Table 1: UMCU dataset.

Feature Description

Taxonomy ICD-10

Language Dutch

Nb of records 5,548

Nb of unique tokens 148,726

Avg nb of tokens / records 936

Nb of full labels 1,195

Nb of rolled-up labels 608

Label cardinality 4.7

Label density 0.0039

% labels with 50+ records 8.03%

Figure 1: ICD rolled-up codes with more than 400

appearances in the UMCU dataset.

In Table 1, cardinality is the average number of

codes assigned to records in the dataset. Density is the

cardinality divided by the total number of codes. We

filtered out ICD codes with less than 50 observations

on their frequency. We note that there are

approximately 64 frequent labels with at least 200

records in UMCU dataset. ICD codes in this dataset

are mainly from chapters 4, 9, and 21. Figure 1

illustrates the ICD rolled-up codes with more than

400 appearance in the UMCU dataset. I25, Z95, I10,

I48 and I50 are the top frequent rolled-up codes (at

least 1000 counts) in our dataset.

In this study, we experimented with two versions

of the label set: one with the 22 ICD chapters and one

with the labels rolled up to their three-digit equivalent.

2.2 Preprocessing

Preprocessing the dataset of discharge letters

comprised the following steps: (i) we anonymize the

letters for legal and privacy reasons. We used

DEDUCE (Menger et al., 2018), a pattern matching

tool for automatic de-identification of Dutch medical

texts; (ii) we use the tm (Feinerer, 2018) and tidytext

(Silge and Robinson, 2016) packages in R to trim

whitespace, remove numbers, and convert all

characters to lower case; (iii) we tokenize all texts

using the Python scikit-learn (Pedregosa et al., 2011)

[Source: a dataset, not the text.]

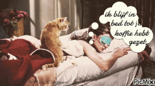 A woman sleeps in bed with her cat, who thinks "I'll stay in bed until you've made coffee."

feature extractor, gensim library (Rehurek and Sojka,

2010) and the tokenizer in the keras library (Chollet

et al., 2015).

2.3 Classification Methods

To employ the classification methods, we investigate

two methods of vector representation:

• Bag-of-words (BOW; baseline)

• Word embeddings (average word vectors)

We use SVMs with each of the vector

representations. We also assess the following neural

network architecures for the automatic ICD coding of

the Dutch discharge letters.

• CNN

• LSTM and BiLSTM

• HA-GRU

With these deep learning architectures, the first

layer is the word embedding layer to represent

patients’ discharge letters. Hyperparameters of the

models are formulated on the corresponding cited

studies, while we tuned some based on the

development set using a random parameter search.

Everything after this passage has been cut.